Butcher started with a small package for drums that included a d:vote 4099 Instrument Microphone on the hi-hat and ride, and a d:dicate 2011 Compact Cardioid Microphone on snare drum. He also incorporated a d:facto 4018VL Linear Vocal Microphone on singer, Chris Carrabba’s vocal. Soon after trying the DPA mics, Butcher quickly moved to a full input list of DPA including d:dicate 2011Cs on kick and snare, d:vote 4099s on all the toms and cymbals, and d:facto 4018VLs on all vocals and d:dicate 4011 Cardioid Microphones for audience mics.
“The second we added the d:vote 4099 to our cymbals, it was like someone had pulled a blanket off the drum kit,” said Butcher. “We previously had a few mics that colored the cymbals a bit too much.

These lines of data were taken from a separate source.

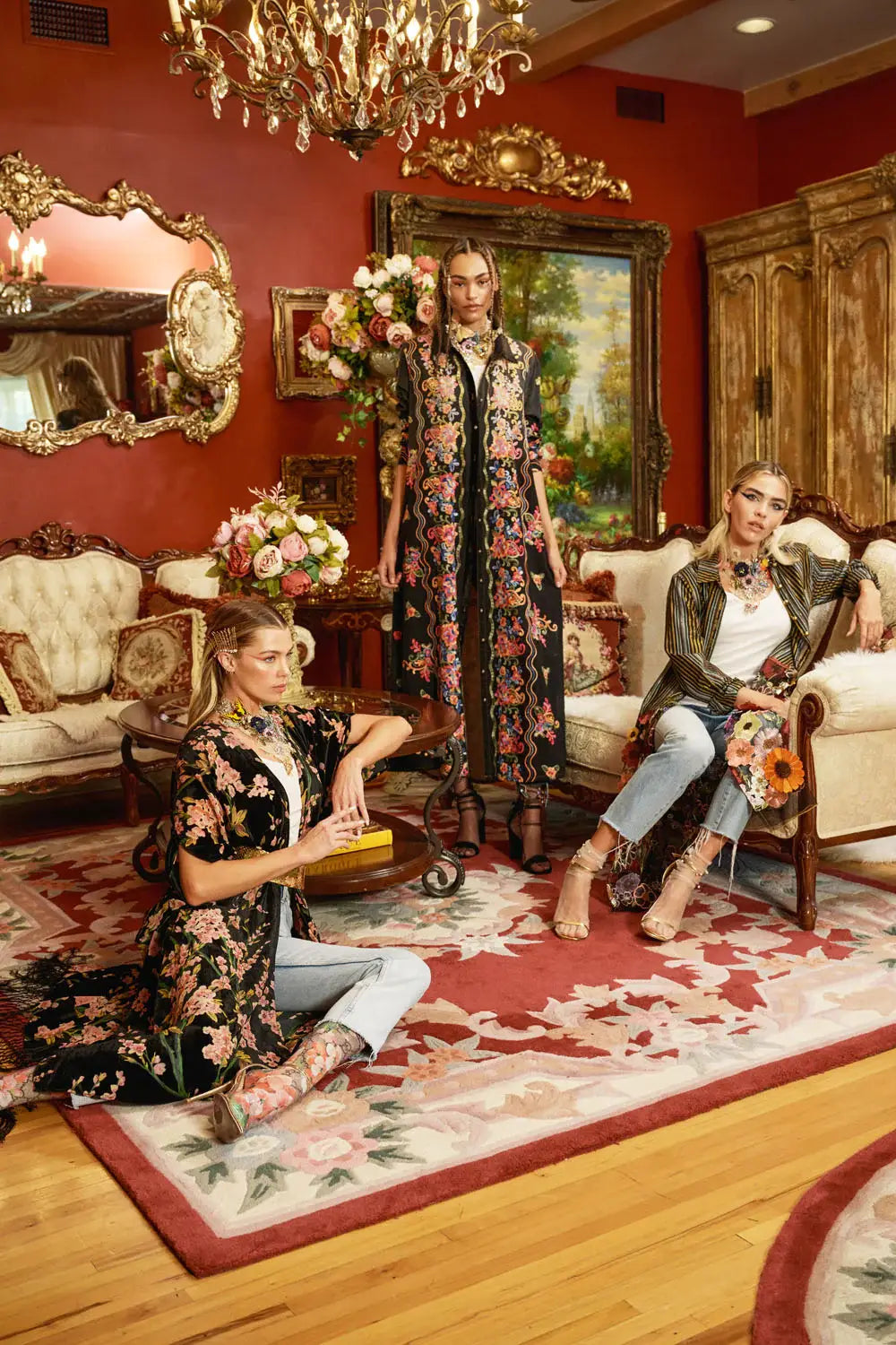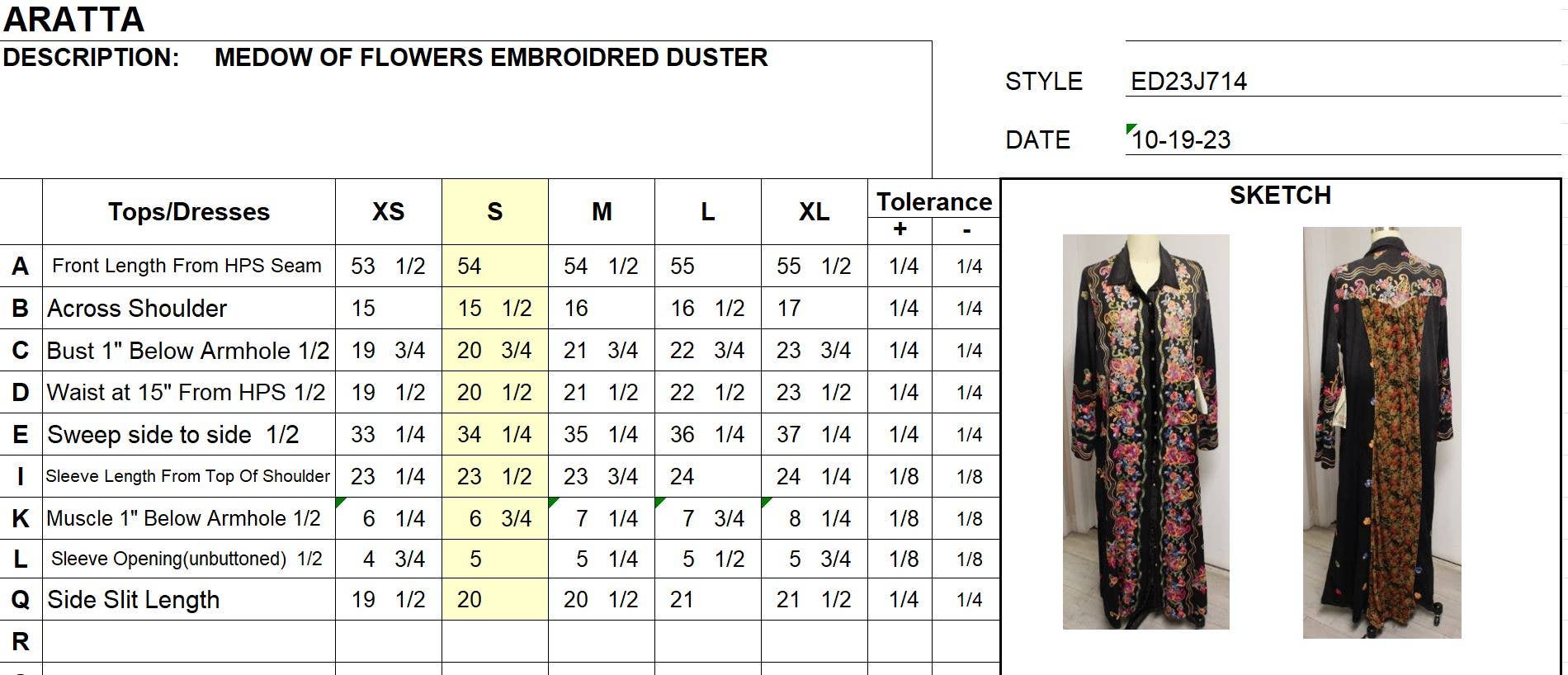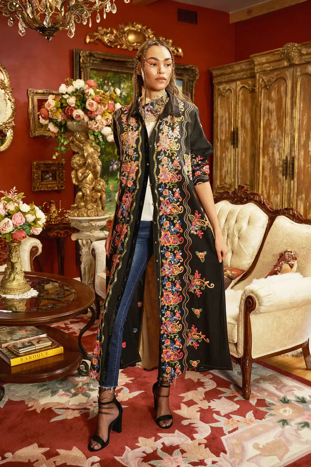 Embroidered button-up duster with floral print velvet CB panel, velvet CF placket, 2 side pockets, side slits.
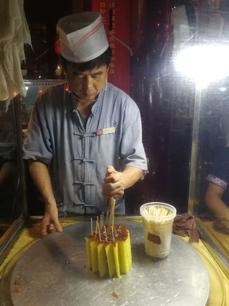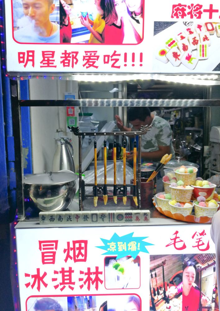 出了酒店往左,沿路有数不清的小店在买网红冒烟冰激凌,毛笔酥。
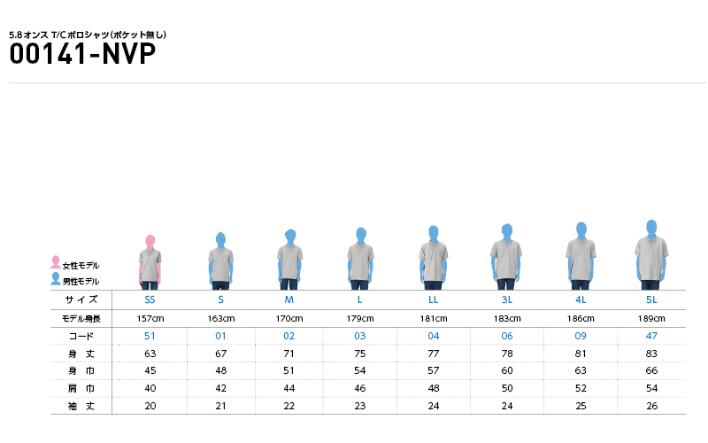 | サイズ | SS | S | M | L | LL | 3L | 4L | 5L |

We were happy with the tones we got out of those microphones until we heard the clarity of our DPA 4099s. We now have a full complement of DPA mics on the current Summer Ever After tour and every input sounds fantastic.

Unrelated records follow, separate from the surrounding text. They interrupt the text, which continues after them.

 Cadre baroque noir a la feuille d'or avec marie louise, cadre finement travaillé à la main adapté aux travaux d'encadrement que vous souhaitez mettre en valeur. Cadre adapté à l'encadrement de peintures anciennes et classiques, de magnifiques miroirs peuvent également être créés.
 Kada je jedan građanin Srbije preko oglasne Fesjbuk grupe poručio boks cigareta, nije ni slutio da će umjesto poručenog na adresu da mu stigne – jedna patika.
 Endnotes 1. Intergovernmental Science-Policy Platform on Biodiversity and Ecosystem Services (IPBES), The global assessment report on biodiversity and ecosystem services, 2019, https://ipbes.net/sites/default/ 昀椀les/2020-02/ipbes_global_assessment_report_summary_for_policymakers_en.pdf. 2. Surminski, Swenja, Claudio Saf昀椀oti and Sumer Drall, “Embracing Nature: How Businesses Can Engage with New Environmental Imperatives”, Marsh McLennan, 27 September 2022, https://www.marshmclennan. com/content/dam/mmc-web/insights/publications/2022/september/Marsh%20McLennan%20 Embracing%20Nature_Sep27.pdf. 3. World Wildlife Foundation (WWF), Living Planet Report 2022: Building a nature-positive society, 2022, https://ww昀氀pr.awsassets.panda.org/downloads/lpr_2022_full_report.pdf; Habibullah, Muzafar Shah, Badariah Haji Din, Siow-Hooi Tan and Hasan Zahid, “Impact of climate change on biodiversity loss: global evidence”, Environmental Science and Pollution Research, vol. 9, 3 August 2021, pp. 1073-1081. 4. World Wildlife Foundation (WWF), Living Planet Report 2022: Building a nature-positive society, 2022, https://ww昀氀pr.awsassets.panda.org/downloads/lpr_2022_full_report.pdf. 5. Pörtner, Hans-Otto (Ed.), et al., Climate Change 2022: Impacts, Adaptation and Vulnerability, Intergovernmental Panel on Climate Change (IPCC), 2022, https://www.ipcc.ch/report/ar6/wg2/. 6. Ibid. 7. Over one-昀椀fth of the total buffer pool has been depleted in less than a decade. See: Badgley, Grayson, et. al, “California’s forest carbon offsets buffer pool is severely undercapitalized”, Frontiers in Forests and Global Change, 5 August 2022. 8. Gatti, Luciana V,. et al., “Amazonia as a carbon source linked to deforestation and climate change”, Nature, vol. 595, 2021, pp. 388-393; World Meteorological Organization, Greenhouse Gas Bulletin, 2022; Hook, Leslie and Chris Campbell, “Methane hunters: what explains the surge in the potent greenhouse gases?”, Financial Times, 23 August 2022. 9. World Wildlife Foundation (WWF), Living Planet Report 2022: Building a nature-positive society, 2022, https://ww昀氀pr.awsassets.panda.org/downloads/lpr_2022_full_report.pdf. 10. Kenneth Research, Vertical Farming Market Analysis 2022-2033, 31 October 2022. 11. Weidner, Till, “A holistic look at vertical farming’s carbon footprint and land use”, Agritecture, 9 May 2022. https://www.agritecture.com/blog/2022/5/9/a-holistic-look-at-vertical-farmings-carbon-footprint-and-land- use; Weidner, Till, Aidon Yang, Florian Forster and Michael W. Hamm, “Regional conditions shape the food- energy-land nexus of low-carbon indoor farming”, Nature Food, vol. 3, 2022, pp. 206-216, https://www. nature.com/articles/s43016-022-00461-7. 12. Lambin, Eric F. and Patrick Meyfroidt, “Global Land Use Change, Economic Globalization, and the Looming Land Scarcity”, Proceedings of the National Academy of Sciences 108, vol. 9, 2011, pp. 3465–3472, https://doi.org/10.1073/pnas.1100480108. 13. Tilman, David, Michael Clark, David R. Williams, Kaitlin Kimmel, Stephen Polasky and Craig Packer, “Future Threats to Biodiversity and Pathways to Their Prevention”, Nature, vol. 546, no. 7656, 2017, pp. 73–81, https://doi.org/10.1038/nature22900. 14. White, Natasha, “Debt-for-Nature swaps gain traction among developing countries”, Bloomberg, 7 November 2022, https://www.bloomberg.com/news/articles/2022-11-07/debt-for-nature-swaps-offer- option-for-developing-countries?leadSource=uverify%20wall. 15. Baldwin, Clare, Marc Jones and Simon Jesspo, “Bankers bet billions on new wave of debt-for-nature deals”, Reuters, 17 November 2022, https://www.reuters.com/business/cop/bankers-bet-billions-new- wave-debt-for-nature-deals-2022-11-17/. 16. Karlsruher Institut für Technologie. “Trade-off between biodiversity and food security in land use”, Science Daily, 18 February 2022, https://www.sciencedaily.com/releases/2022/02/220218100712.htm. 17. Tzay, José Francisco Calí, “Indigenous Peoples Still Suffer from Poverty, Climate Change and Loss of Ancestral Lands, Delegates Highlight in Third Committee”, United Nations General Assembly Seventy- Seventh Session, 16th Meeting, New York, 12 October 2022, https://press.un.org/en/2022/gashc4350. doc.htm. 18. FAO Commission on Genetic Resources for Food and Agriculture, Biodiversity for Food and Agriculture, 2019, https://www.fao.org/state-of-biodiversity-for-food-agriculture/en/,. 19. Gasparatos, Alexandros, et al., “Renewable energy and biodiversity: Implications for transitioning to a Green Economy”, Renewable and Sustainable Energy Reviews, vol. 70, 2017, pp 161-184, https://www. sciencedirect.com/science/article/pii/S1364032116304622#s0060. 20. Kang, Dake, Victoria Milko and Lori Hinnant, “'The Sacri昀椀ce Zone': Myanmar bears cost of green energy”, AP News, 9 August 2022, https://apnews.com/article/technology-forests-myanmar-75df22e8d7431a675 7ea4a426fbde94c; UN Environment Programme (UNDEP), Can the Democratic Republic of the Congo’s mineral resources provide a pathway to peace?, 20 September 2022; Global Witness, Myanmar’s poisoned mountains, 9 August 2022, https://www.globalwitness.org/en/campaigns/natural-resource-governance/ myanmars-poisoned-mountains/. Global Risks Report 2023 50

As for lead singer Chris Carrabba’s switch to a DPA d:facto 4018VL mic,Butcher recalled, “Chris had used a different manufacturer’s microphone for over a decade, just the familiarity should have made the switch to DPA difficult. However, we started sound check with his old mic and after a song switched to the d:facto 4018VL, it was an immediate win. Both Joel Livesey, our FOH engineer and I mentioned that our high-pass filters were backed off and overall the microphone had a more natural sound immediately. After only a couple of minutes, Chris turned to us and said, ‘New mic.’ We haven’t looked back since.”
In addition, the team immediately noticed the rejection of the d:facto 4018VL mic in front of the drum set during live shows. “It can be very difficult to find a mic that sounds natural on your singer with almost no EQ, but also gives you minimal and/or usable microphone bleed,” adds Butcher. “During the first show that we tried the d:facto 4018VL, I realized I no longer had to ride my vocal fader so hard. We also found ourselves EQing a lot less. The microphone immediately sounded like Chris. We no longer had to compress low-mids or boost high-mids and top-end. Since switching to the d:facto 4018VL, we’ve had nothing but success. Its clarity and rejection are second to none.”